Racial and ethnic differences in knowledge about one's dementia status

Date: April 13, 2020
Journal: Journal of the American Geriatrics Society
Citation: Lin PJ, Emerson J, Faul JD, Cohen JT,  Neumann PJ, Fillit HM, Daly AT, Margaretos N, Freund KM. Racial and ethnic differences in knowledge about one's dementia status. Journal of the American Geriatrics Society (in press).



To examine racial and ethnic differences in knowledge about oneʼs dementia status.


Prospective cohort study.


The 2000 to 2014 Health and Retirement Study.


Our sample included 8,686 person‐wave observations representing 4,065 unique survey participants, aged 70 years or older, with dementia, as identified by a well‐validated statistical prediction model based on individual demographic and clinical characteristics.

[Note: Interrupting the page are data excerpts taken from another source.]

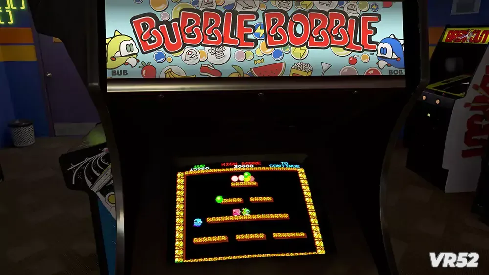 全虚拟环境:置身于精心复刻的1989年美国街机厅,霓虹灯、海报、地板纹理一应俱全。
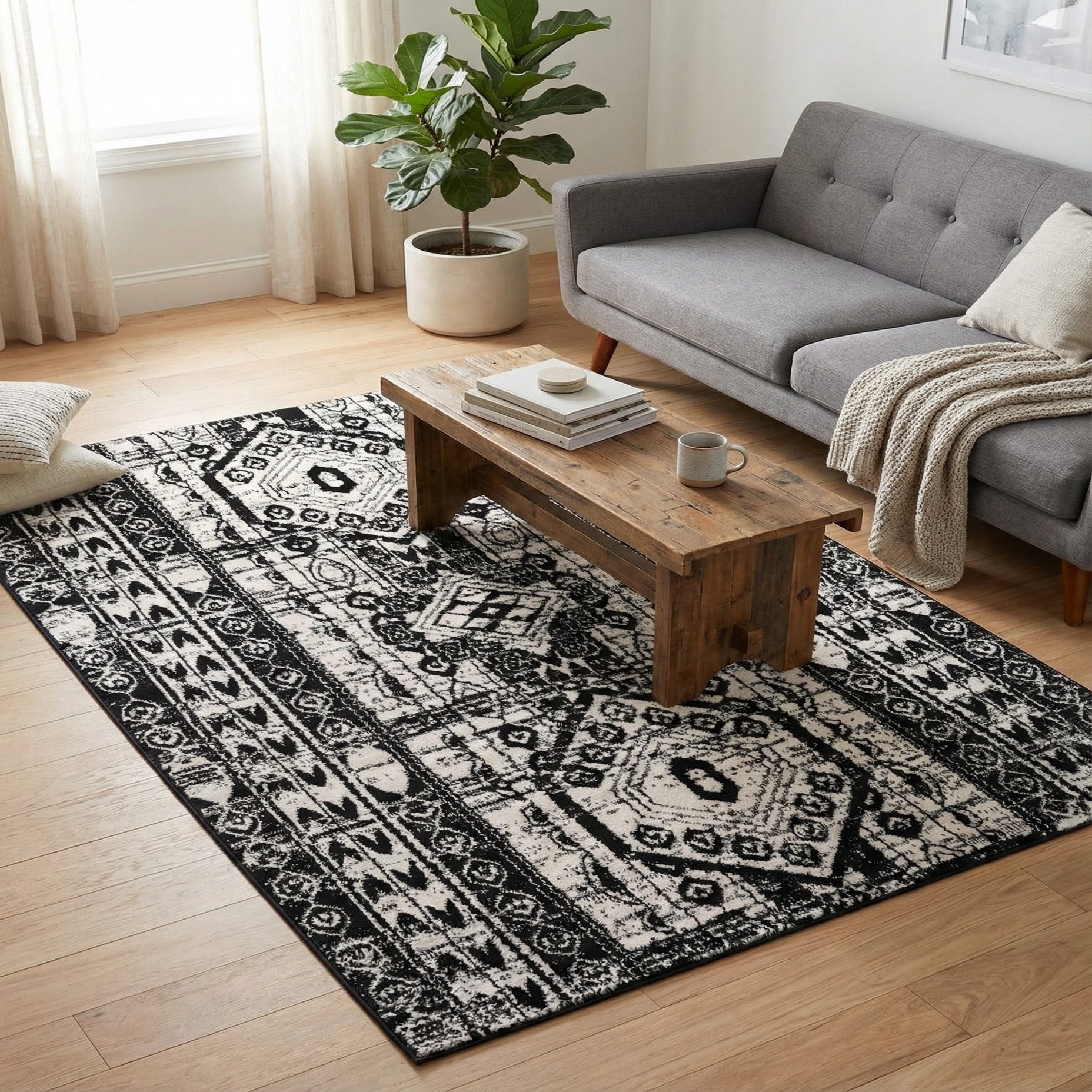 Primary color is Black and White. Colors in this rug include: Black and White, Black.
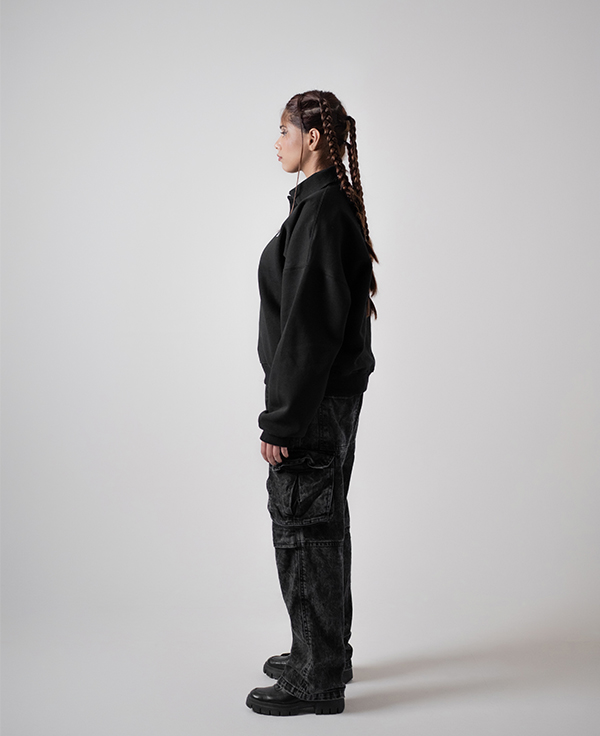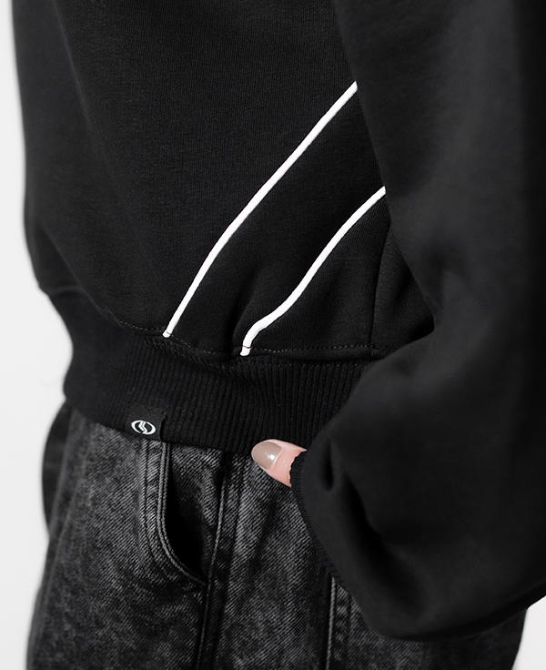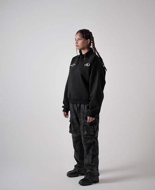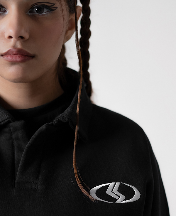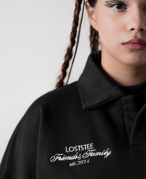 •Front Design: A cotton striped knit collar with a V-notch cut, Loststee Friends and Family ESTD 2024 embroidered on the right, and Loststee logo embroidery on the left.
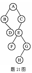 21.若用后根遍历法遍历题21图所示的二叉树,其输出序列为__________.
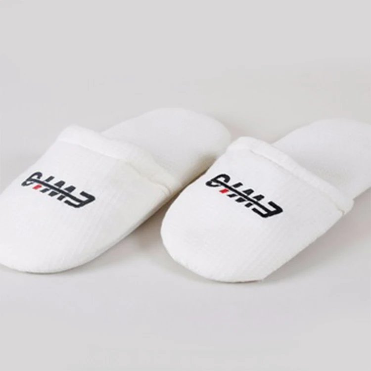 16 avis pour Customized Embroidery Logo 12*30cm Closed Toe Soft White Hotel Slipper
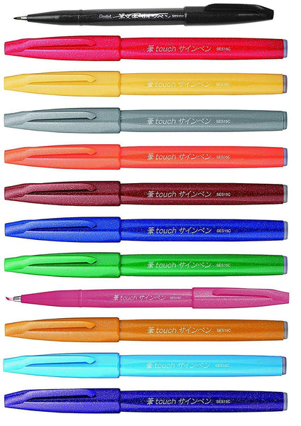 Japan pentel S520 Sign Brush Marker Pens sketch hook line pen - Flexible Tip Assorted Colours - Pack 12
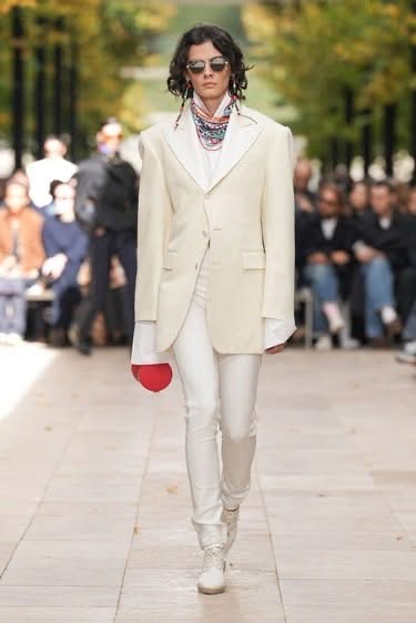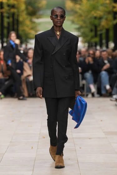القصّات حافظت على حدّتها وأناقتها النحيلة، حيث جاءت السترات الرجالية بمقاسات دقيقة تبرز الخصر بخفّة، لتُنسَّق مع سراويل ضيّقة أو جينز مشدود عند الساقين، تنتهي عند الكاحل بما يوحي بالحركة والانطلاق. في هذا الحوار بين الصرامة والعفوية، ظهرت البدلات الرسمية وقد خفّف من حدّتها ياقة مفتوحة، والقصمان الرياضية التقليدية أُعيد ابتكارها بلمسات حرير مرن، فيما تحوّلت قمصان البولو إلى رمز يجمع بين التراث والحداثة.
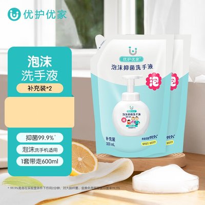 优护优家 泡沫抑菌洗手液补充装(柠檬香型)300ML*2袋

Primary outcome measure was knowledge of oneʼs dementia status, as reported in the survey. Patient characteristics included race/ethnicity, age, sex, survey year, cognition, function, comorbidity, and whether living in a nursing home.


Among subjects identified as having dementia by the prediction model, 43.5% to 50.2%, depending on the survey year, reported that they were informed of the dementia status by their physician. This proportion was lower among Hispanics (25.9%‐42.2%) and non‐Hispanic blacks (31.4%‐50.5%) than among non‐Hispanic whites (47.7%‐52.9%). Our fully adjusted regression model indicated lower dementia awareness among non‐Hispanic blacks (odds ratio [OR] = 0.74; 95% confidence interval [CI] = 0.58‐0.94) and Hispanics (OR = 0.60; 95% CI = 0.43‐0.85), compared to non‐Hispanic whites. Having more instrumental activity of daily living limitations (OR = 1.65; 95% CI = 1.56‐1.75) and living in a nursing home (OR = 2.78; 95% CI = 2.32‐3.32) were associated with increased odds of subjects reporting being told about dementia by a physician.


Less than half of individuals with dementia reported being told by a physician about the condition. A higher proportion of non‐Hispanic blacks and Hispanics with dementia may be unaware of their condition, despite higher dementia prevalence in these groups, compared to non‐Hispanic whites. Dementia outreach programs should target diverse communities with disproportionately high disease prevalence and low awareness.